The zone of a sensor is calculated in the following manner: Draw a straight line con-
necting a sensor and its neighbor. The perpendicular bisector of this line forms the
edge demarcating the zones of these adjacent sensors. If a wall is encountered within
the zone, then that wall forms the edge of the zone for the sensor. We next define a
context element:
Definition 1 Context Element
A context element ci contains the information from sensor si. Therefore, C =
{c1, c2, . . . , cm} contains the data from m sensors distributed in the environment.
43
Let D = {d1, d2, . . . , dk} be k devices that are present in the environment. We
define a device as a part of the environment which the user accesses or interacts
with. In other words, we consider a device to be an object in the environment.

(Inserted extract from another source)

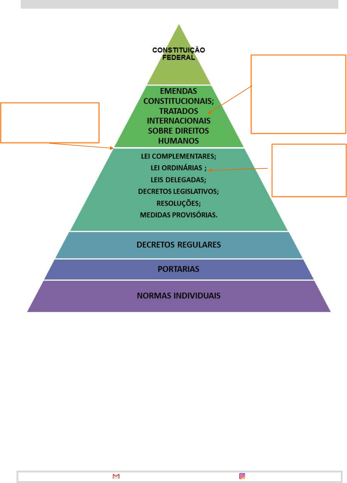 Sistematização Concursos sistematizacaoconcursos@gmail.com @sistematizacaoconcursos 9 PIRÂMIDE DE KELSEN CONSIDERAÇÕES: Não existe hierarquia entre normas constitucionais originárias. Não existe hierarquia entre normas constitucionais originárias e normas constitucionais derivadas, mas as originárias não podem ser objeto de controle de constitucionalidade enquanto que as derivadas (emendas) podem. Não adotamos a Tese de Bachof: cláusulas pétreas seriam superiores às demais normas constitucionais. ATENÇÃO: os tratados internacionais podem ingressar no ordenamento jurídico de 03 formas: Bloco de constitucionalidade Art. 5º, § 3º Supralegalidade direitos humanos Legalidade demais tratados serão equivalentes às leis ordinárias ou complementares. Art. 5º, § 3º Os tratados e convenções internacionais sobre direitos humanos que forem aprovados, em cada Casa do Congresso Nacional, em 2 turnos, por 3/5 dos votos dos respectivos membros, serão equivalentes às emendas constitucionais. Os demais tratados internacionais são equivalentes às leis ordinárias ou complementares, a depender da matéria. Os tratados de direitos humanos possuem natureza infraconstitucional (abaixo da CF e EC) e supralegal (acima das leis). Sistematização Concursos sistematizacaoconcursos@gmail.com @sistematizacaoconcursos 10 TRATADOS INTERNACIONAIS E INCORPORAÇÃO AO ORDENAMENTO JURÍDICO MATÉRIA FORMA DO REFERENDO (PROCESSO LEGISLATIVO) HIERARQUIA Tratado em matéria comum Decreto legislativo (art. 49, I, CF) Congresso Nacional Maioria simples: lei ordinária. Maioria absoluta: lei complementar Norma federal infraconstitucional ou legal Tratado sobre direitos humanos Decreto legislativo (art. 49, I, CF e art. 5º, § 2º) Congresso Nacional (maioria simples) Norma supralegal (materialmente constitucionais) Emenda Constitucional (art. 5º, § 3º) Congresso Nacional (votação nas 2 casas, em 2 turnos, aprovação de 3/5) Norma constitucional (material e formalmente constitucionais) ATENÇÃO Supralegalidade: subordinação dos tratados dos direitos humanos à Constituição, porém superioridade à legislação ordinária. TI de DH tem hierarquia supralegal ou constitucional. Não tem hierarquia legal. PROCESSO LEGISLATIVO TRATADO 1º Celebração (negociação + assinatura) do tratado, convenção ou ato internacional pelo Presidente da República (art. 84, VIII) em plano internacional. Negociação: discussão do texto do Tratado. Assinatura / Aceite: O Estado aceita de forma precária a celebração do tratado (o aceite não é definitivo, mas apenas uma manifestação dos Estados no sentido de que aceitam o texto e a forma). A competência para celebração não é exclusiva, ela pode ser delegada aos plenipotenciários (autoridades que possuem a Carta de Plenos Poderes). Tal carta é assinada pelo Presidente da República e referendada pelo Ministro das Relações Exteriores. 2º Referendo do Congresso Nacional: decide sobre a sua viabilidade e conveniência. Elabora-se o decreto legislativo (instrumento adequado para referendar e aprovar a decisão do Chefe do Executivo). 3º Ratificação: apenas o Presidente da República é habilitado a ratificar (confirmar) um tratado. Aqui surge a obrigatoriedade no plano Internacional, mas não no plano interno. 4º Promulgação + Publicação no Diário Oficial da União: produz efeitos na ordem jurídica interna. A incorporação por definitivo ao ordenamento jurídico interno é feita por decreto do Presidente da República. Efeitos desse decreto segundo o STF: a) a promulgação do tratado internacional; b) a publicação oficial de seu texto; e c) a executoriedade do ato internacional, que passa, então, e somente então, a vincular e a obrigar no plano do direito positivo interno”. Sistematização Concursos sistematizacaoconcursos@gmail.com @sistematizacaoconcursos 11 NORMAS CONSTITUCIONAIS RELACIONADAS AOS TRATADOS Art. 5º, § 1º As normas definidoras dos direitos e garantias fundamentais têm aplicação imediata. Art. 5º, § 2º Os direitos e garantias expressos nesta Constituição não excluem outros decorrentes do regime e dos princípios por ela adotados, ou dos tratados internacionais em que a República Federativa do Brasil seja parte. Art. 5º, § 3º Os tratados e convenções internacionais sobre direitos humanos que forem aprovados, em cada Casa do Congresso Nacional, em dois turnos, por três quintos dos votos dos respectivos membros, serão equivalentes às emendas constitucionais. Art. 49. É da competência exclusiva do Congresso Nacional: Art. 84. Compete privativamente ao Presidente da República: I - RESOLVER DEFINITIVAMENTE s obre tratados, acordos ou atos internacionais que acarretem encargos ou compromissos gravosos ao patrimônio nacional; VIII - CELEBRAR tratados, convenções e atos internacionais, sujeitos a referendo do Congresso Nacional; Art. 102. Compete ao Supremo Tribunal Federal, precipuamente, a guarda da Constituição, cabendo-lhe: Art. 104. O Superior Tribunal de Justiça compõe-se de, no mínimo, trinta e três Ministros. Art. 109. Aos juízes federais compete processar e julgar: III - julgar, mediante recurso extraordinário, as causas decididas em única ou última instância, quando a decisão recorrida: b) declarar a inconstitucionalidade de tratado ou lei federal; III - julgar, em recurso especial, as causas decididas, em única ou última instância, pelos Tribunais Regionais Federais ou pelos tribunais dos Estados, do Distrito Federal e Territórios, quando a decisão recorrida: a) contrariar tratado ou lei federal, ou negar-lhes vigência; III - as causas fundadas em tratado ou contrato da União com Estado estrangeiro ou organismo internacional; V - os crimes previstos em tratado ou convenção internacional, quando, iniciada a execução no País, o resultado tenha ou devesse ter ocorrido no estrangeiro, ou reciprocamente; § 5º Nas hipóteses de grave violação de direitos hum

We
collectively call the sensors and devices as nodes, and assume that there are n nodes
in the environment, where n = m + k.
During the initial discovery phase, the location of all the nodes is obtained and
a minimum spanning tree is calculated, to enable tracking of the user activity, shown
in Figure 4.1(b).
If a user enters a zone at any point and leaves the zone from any point, we
represent that using the edge present in the minimum spanning tree. If an edge is not
found, then we log the activity, and upon repeated usage of that path, we include it
into the spanning tree and remove the existing path between the two nodes. When a
user enters a node’s zone, we assume that the node generates a context element and
transmits it to the system. We define a situation in the following way:
Definition 2 Situation
A situation γ(t) is a sequence of context elements c1, c2, . . ., terminated by a device
at time t. In other words,
γ(t) = c1c2 . . . , cidj, where i ∈ {1, . . . , n}, j ∈ {1, . . . , k} represents a situation at
time t, γ(t) ∈ Γ.
According to our definition of situation, context elements correspond to non-
terminal, and devices correspond to terminal symbols respectively. As the user moves
in the environment, the context elements corresponding to the zones in which the user
traverses are obtained, and we process the elements in an online manner.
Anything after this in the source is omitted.